**DIRECTIONS:** Could you write out exactly, and only, the lines from the one containing "点击方案栏下面的小三角,可以" through the last line of the data, leaving out all pictures?

**PROVIDED DATA:**
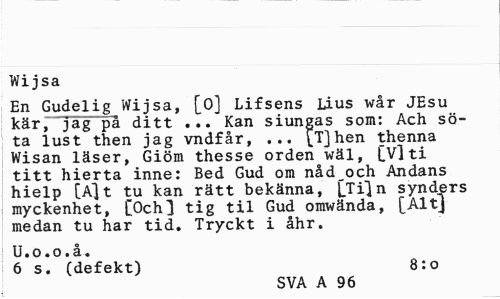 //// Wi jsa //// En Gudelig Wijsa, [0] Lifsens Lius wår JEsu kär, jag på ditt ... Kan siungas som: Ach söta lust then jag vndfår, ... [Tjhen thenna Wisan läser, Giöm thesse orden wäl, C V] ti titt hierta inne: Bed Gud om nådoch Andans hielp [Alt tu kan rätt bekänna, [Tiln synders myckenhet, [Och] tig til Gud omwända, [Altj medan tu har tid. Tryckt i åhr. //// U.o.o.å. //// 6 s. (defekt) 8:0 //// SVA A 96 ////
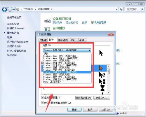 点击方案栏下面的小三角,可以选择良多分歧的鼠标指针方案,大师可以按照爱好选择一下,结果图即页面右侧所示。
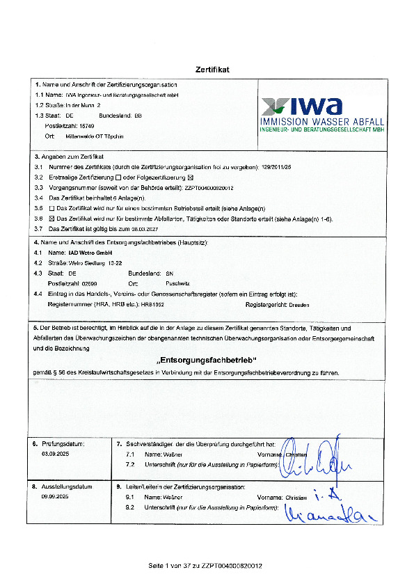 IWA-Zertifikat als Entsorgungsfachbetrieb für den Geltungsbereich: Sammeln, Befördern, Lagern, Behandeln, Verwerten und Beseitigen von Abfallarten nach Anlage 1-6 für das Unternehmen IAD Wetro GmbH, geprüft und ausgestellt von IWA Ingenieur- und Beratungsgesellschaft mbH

**SOLUTION TO THE EXERCISE:**
 点击方案栏下面的小三角,可以选择良多分歧的鼠标指针方案,大师可以按照爱好选择一下,结果图即页面右侧所示。
 IWA-Zertifikat als Entsorgungsfachbetrieb für den Geltungsbereich: Sammeln, Befördern, Lagern, Behandeln, Verwerten und Beseitigen von Abfallarten nach Anlage 1-6 für das Unternehmen IAD Wetro GmbH, geprüft und ausgestellt von IWA Ingenieur- und Beratungsgesellschaft mbH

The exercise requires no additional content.